Type: | Package |
Title: | Labeled Optimal Partitioning |
Version: | 2024.6.19 |
Author: | Toby Dylan Hocking |
Maintainer: | Toby Dylan Hocking <toby.hocking@r-project.org> |
Description: | Change-point detection algorithm with label constraints and a penalty for each change outside of labels. Read TD Hocking, A Srivastava (2023) <doi:10.1007/s00180-022-01238-z> for details. |
License: | GPL-3 |
LinkingTo: | Rcpp |
URL: | https://github.com/tdhock/LOPART |
BugReports: | https://github.com/tdhock/LOPART/issues |
Imports: | data.table, Rcpp |
Suggests: | ggplot2, testthat |
RoxygenNote: | 7.3.1 |
NeedsCompilation: | yes |
Packaged: | 2024-06-20 11:31:04 UTC; tdhock |
Repository: | CRAN |
Date/Publication: | 2024-06-20 21:30:07 UTC |
Labeled Optimal PARTitioning
Description
Compute an optimal segmentation (change in Gaussian mean model, square loss), which is consistent with the given labels, and with a penalty for each changepoint outside of labeled regions.
Usage
LOPART(
x,
labels,
penalty_unlabeled,
n_updates = length(x),
penalty_labeled = penalty_unlabeled
)
Arguments
x |
numeric vector of data to fit a Gaussian mean model. |
labels |
data frame with at least three columns: start, end, changes. start/end should be indices of x, from 1 to length(x). changes should be either 0 or 1. The prediced changepoints are guaranteed to be consistent with these labels. |
penalty_unlabeled |
non-negative penalty constant (larger for fewer changes, smaller for more changes). penalty=0 means a change in every unlabeled region, penalty=Inf means no changes in unlabeled regions. |
n_updates |
how many dynamic programming updates to compute?

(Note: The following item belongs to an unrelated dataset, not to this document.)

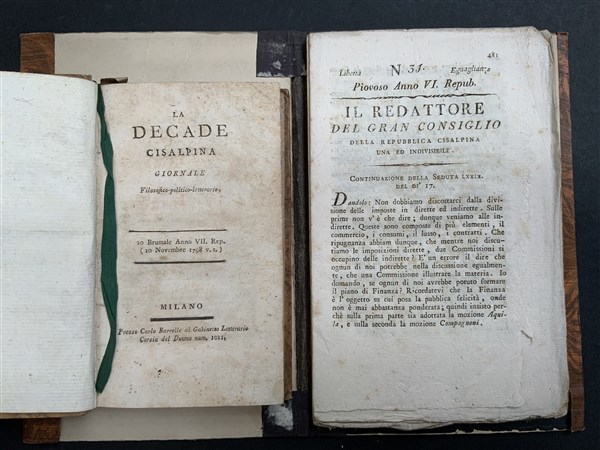 [MILANO - REPUBBLICA CISALPINA] La decade Cisalpina: giornale filosofico-politico-letterario. Milano: Carlo Barrelle, 1798. 8vo, cartone moderno con titolo in oro pelle verde al dorso. INSIEME A: tre numeri (nr. 31-32-33) de Il Redattore del Gran Consiglio della Repubblica Cisalpina una ed indivisibile. Testimonianze interessanti dello spirito politico intellettuale dell'epoca. Non collazionato e difetti da esaminare.

Must be at least 1 and at most length(x). |
penalty_labeled |
non-negative penalty constant to use for changes in positive labels. |
Details
Provides a high-level interface to LOPART_interface R function and LOPART C code.
Value
list with named elements, all of which are data tables. loss has one row with loss/cost values. cost is the output from LOPART_interface. changes has one row for each predicted changepoint (e.g. change=1.5 means a change between data points 1 and 2). segments has one row for each segment.
Author(s)
Toby Dylan Hocking
Examples
set.seed(2)
library(data.table)
signal <- c(
rnorm(25, mean = 10),
rnorm(25, mean = 7),
rnorm(25, mean = 8),
rnorm(25, mean = 5))
#outliers
signal[86] <- 10
labels.dt <- data.table(
start = c(20, 45, 80),
end = c(30, 55, 90),
changes = c(1, 1, 0))
signal.dt <- data.table(
signal,
position=seq_along(signal))
label.colors <- c(
"1"="#ff7d7d",
"0"="#f6c48f")
sig.color <- "grey50"
if(require(ggplot2)){
gg.data <- ggplot()+
geom_rect(aes(
xmin=start, xmax=end,
fill=paste(changes),
ymin=-Inf, ymax=Inf),
alpha=0.5,
data=labels.dt)+
geom_point(aes(
position, signal),
color=sig.color,
data=signal.dt)+
scale_x_continuous(
"position",
breaks=seq(0, 100, by=10))+
scale_fill_manual("label", values=label.colors)+
theme_bw()+
theme(panel.spacing=grid::unit(0, "lines"))
print(gg.data)
}
label.list <- list(
OPART=labels.dt[0],
LOPART=labels.dt)
seg.dt.list <- list()
change.dt.list <- list()
cost.dt.list <- list()
for(model.name in names(label.list)){
label.dt <- data.table(label.list[[model.name]])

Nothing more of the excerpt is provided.